Underwater Idylls

Sonia Kasparian summons the Ladies of the Lake (and one naked dude, too).

First, know this: Sonia Kasparian is a romantic. There's no getting around that. This is no naturalist, postmodernist, or Gen-Y termite cutester here. No, this is a visionary with utopic designs and the technical and aesthetic means to portray them—successfully. As such, necessarily, she straddles the divide between edginess and cheese in Light, her third outing at Butters. In the past, Kasparian's haunting multimedia shows have displayed a marked sculptural and textile influence, with their flowing gowns and spooky trees reaching out with gnarled branches. These gothalicious extravaganzas were basically one fog machine away from a Dead Can Dance concert. And that's a good thing—trust me—if only an artist can summon the moxie to commit, yet still hold back from the precipice of provolone.

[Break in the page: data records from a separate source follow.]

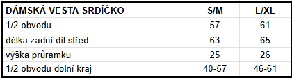 Tabulka velikostí:
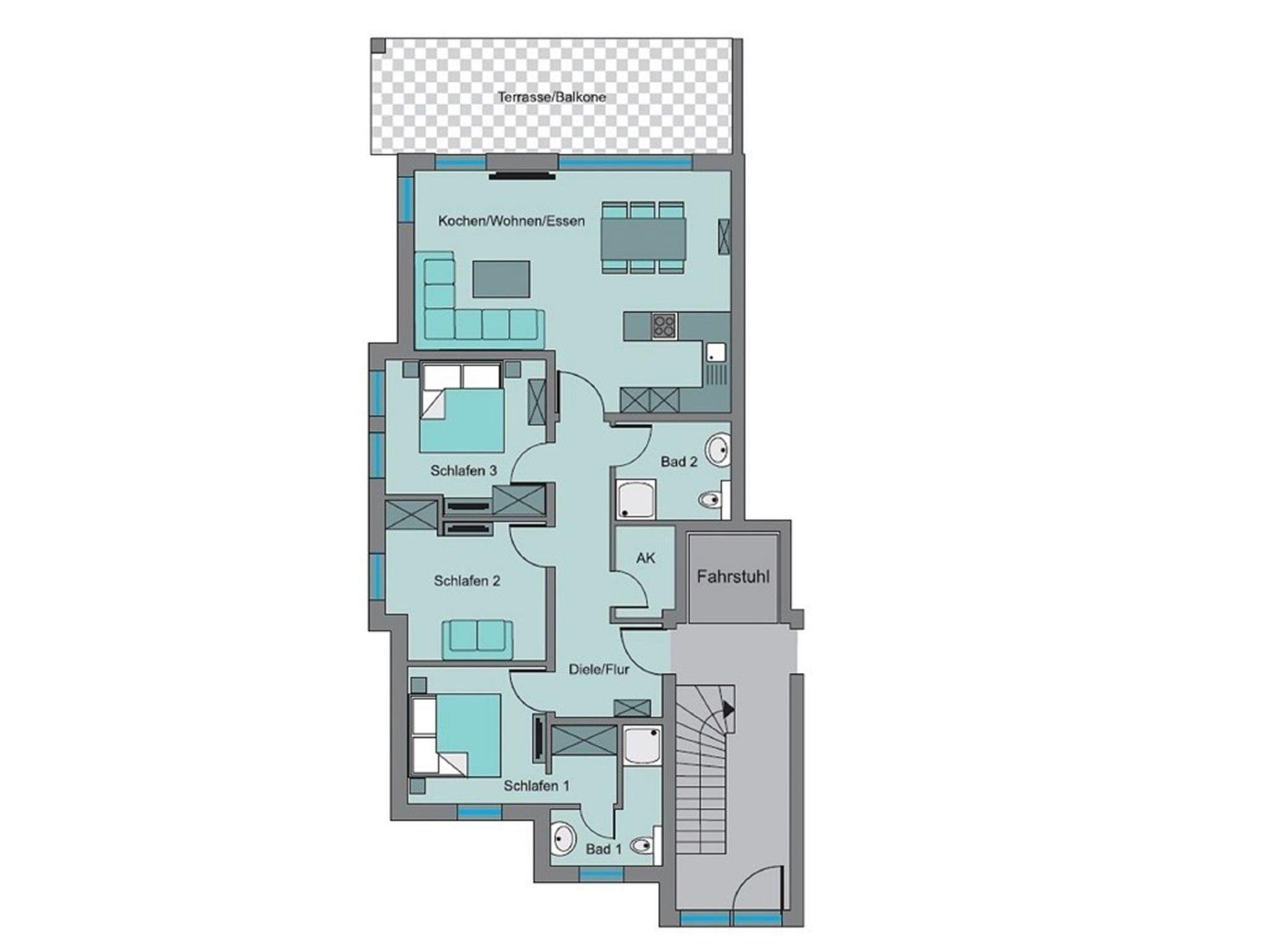 Die barrierefreie und sonnendurchflutete 4-Zimmer-Ferienwohnung liegt im zweiten Obergeschoss des 8-Parteienhauses. Ein Aufzug ist vorhanden, der jede Etage anfährt.
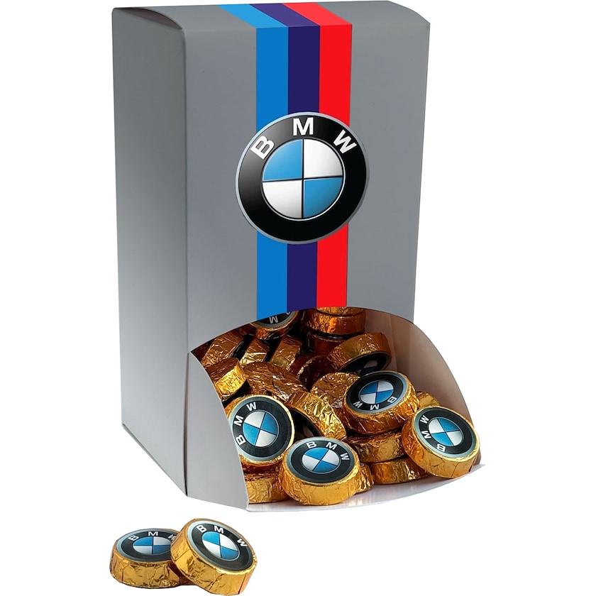 Suuri pahvilaatikko täynnä pyöreitä suklaapaloja kultafoliolla. Suklaapalat ovat valmistettu korkealaatuisesta suklaasta, jonka kaakaopitoisuus on vähintään 50 %. Pahvilaatikon ulkopinta painatetaan kokonaan toiveidesi mukaan. Suklaapalojen etiketit varustetaan painatuksellasi.
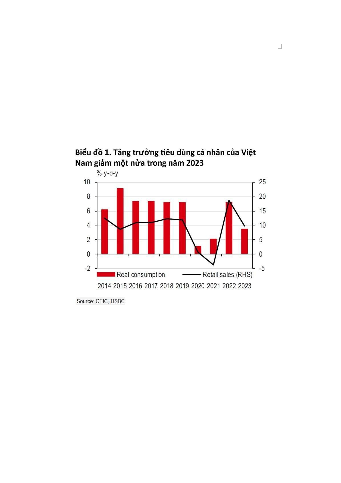 Tăng trưởng tiêu dùng cá nhân ở Việt Nam năm 2023 (theo CEIC, HSBC) lOMoAR cPSD| 61224927
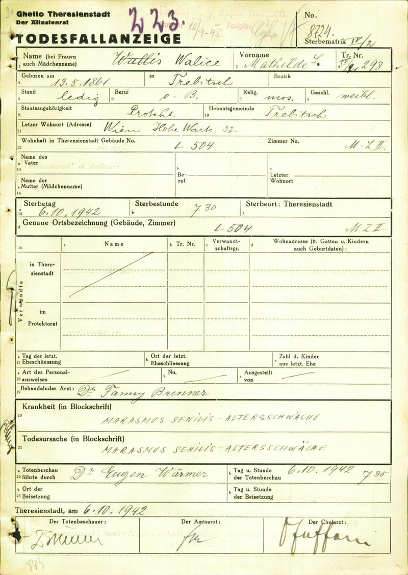 Wallis Mathilde: Oznámení o úmrtí, ghetto Terezín
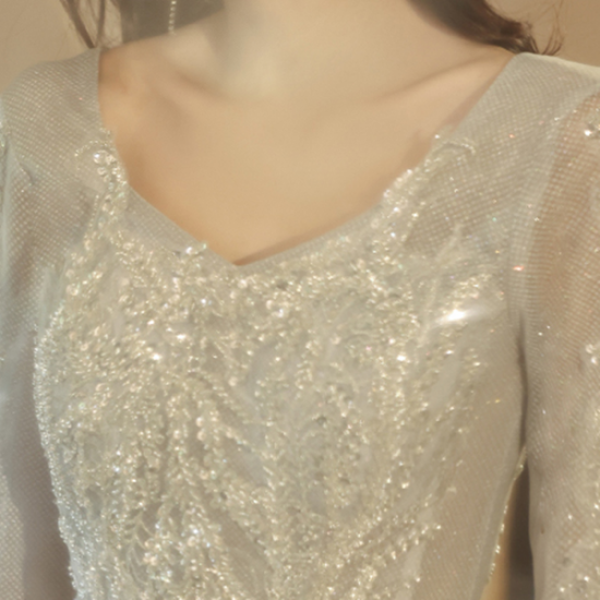 袖と胸元には同色の刺繍をあしらい、可憐なルックスに。
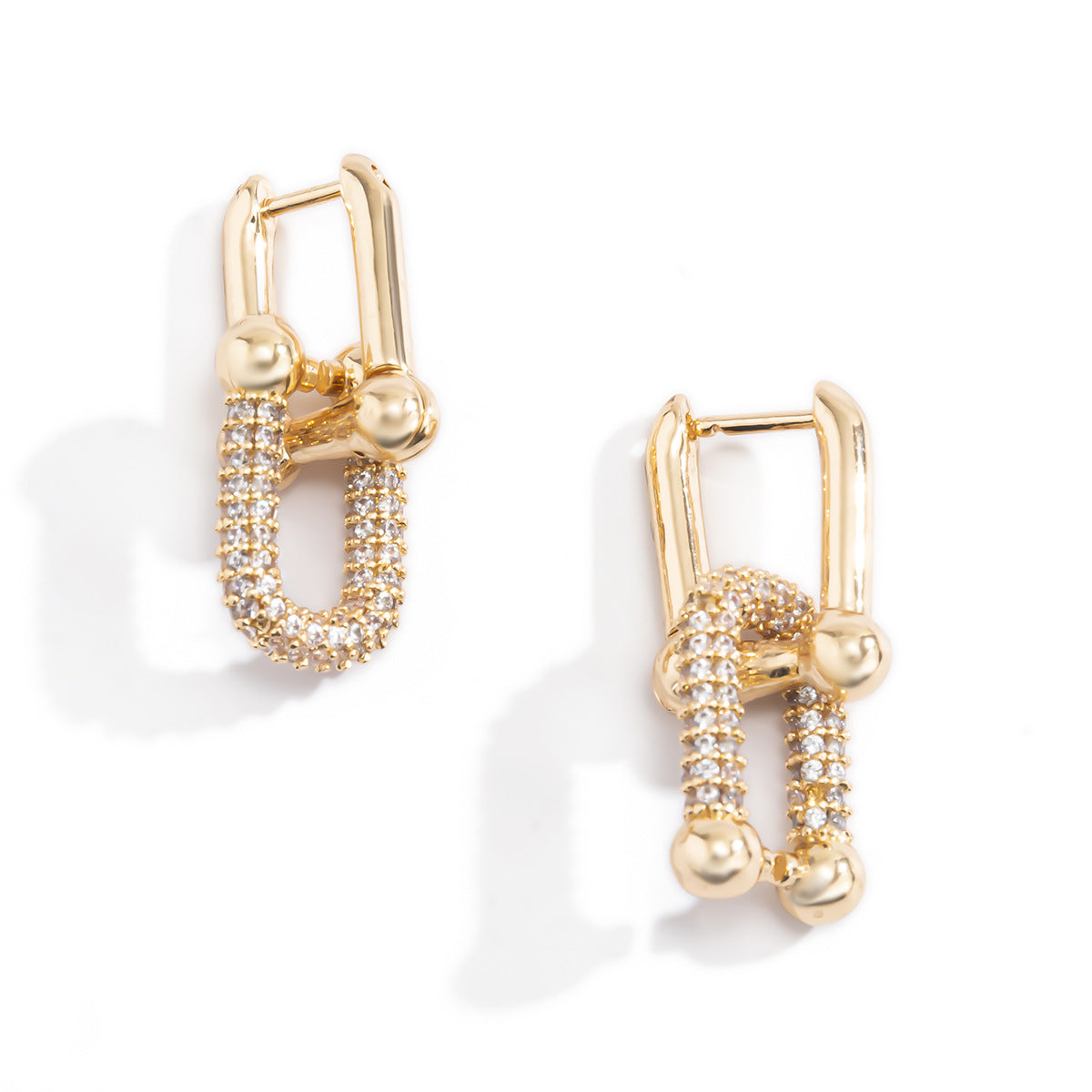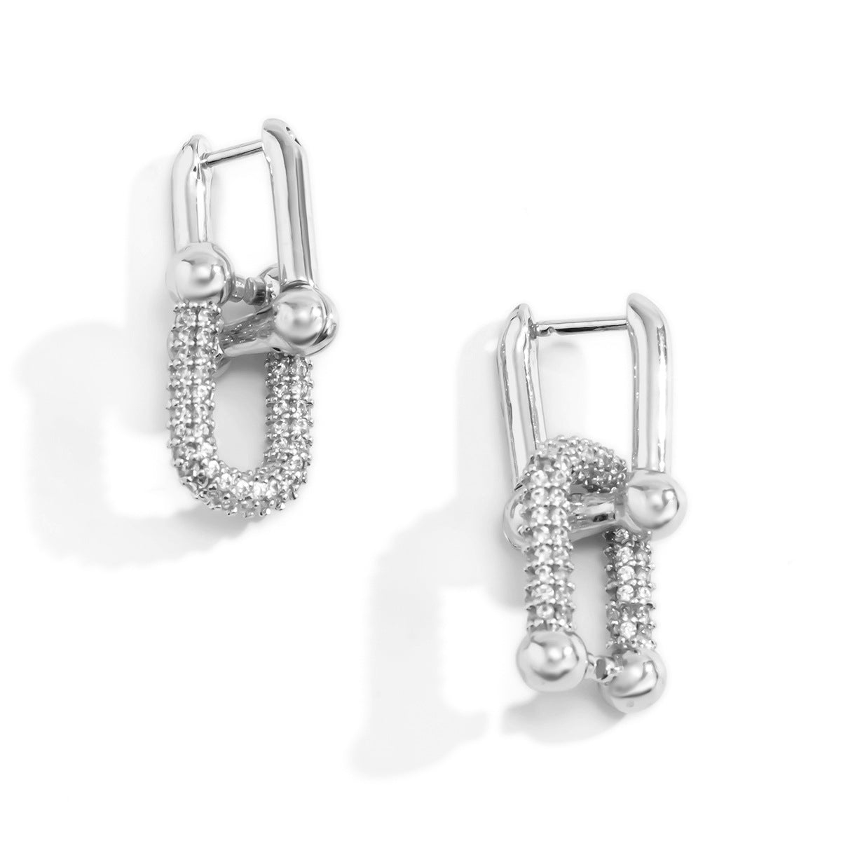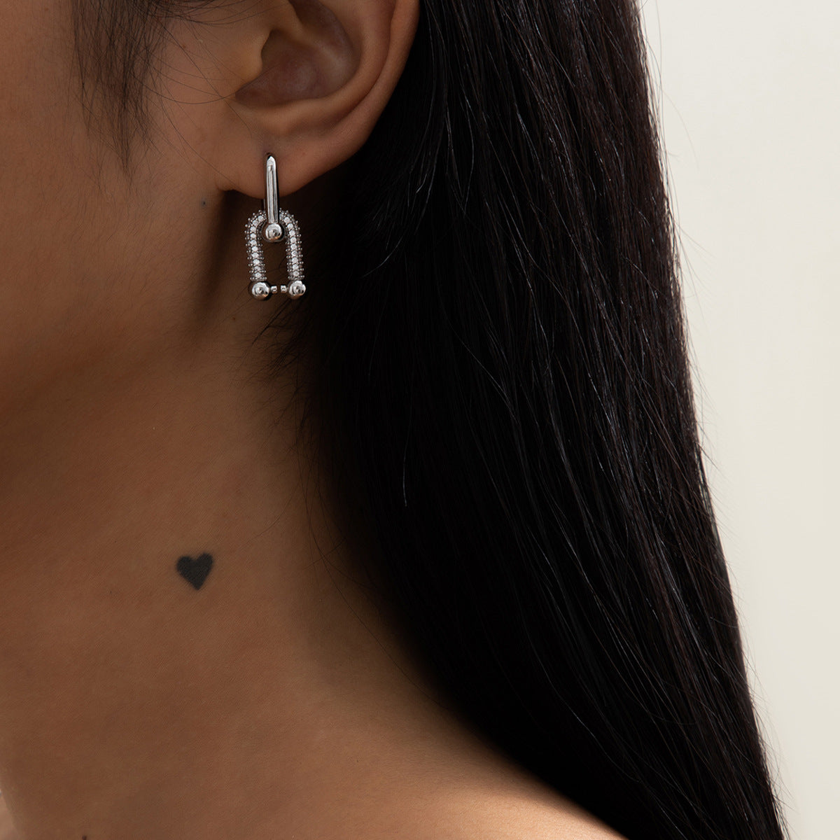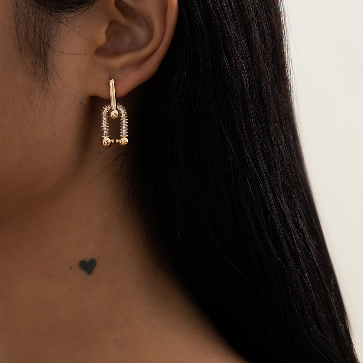 Hollow Alloy Earrings, Personalized Exaggerated Diamond U-Shaped Buckle Temperament Earrings

Kasparian accomplishes this by virtue of her works' enigma, process, presentation and, yes, their craft. She has photographed clothed and unclothed people swimming in what looks like an enchanted Celtic brook but is actually a West Hills swimming pool. She's digitally manipulated the photos, then semi-obscured them behind scratched Plexiglas, tattered porch screens, and hand-sewn foreground and framing elements, as in Upon Reflection. In many cases she has opted to judiciously paint these elements with contours lifted from the underlying photos, projecting the figures onto a second plane and yielding nifty optical superimpositions, which shift according to the viewer's vantage point. The finished works portray a Lorelei-like nymph world of repose and seduction: aquatic idylls of Ladies of the Lake in flowy fabric and soft focus, as in the aptly titled Sirens and From the Depths. If David Hamilton donned an Aqualung and dove into Atlantis, these are the mermaids he would photograph. Only three of the images portray male nudes, most notably the dreamy, fetal Waterboy. (Kasparian had photographed additional mer-men, but the images were lost when her studio was burglarized and her camera stolen—we hope the bastard thieves developed the skinnydipping dong-danglers and were properly scandalized.) Rounding out the show, works like Soiled #1 and #2 present their subject matter more straightforwardly, pointing to more conceptual, less Stevie Nicksian directions for this always captivating artist.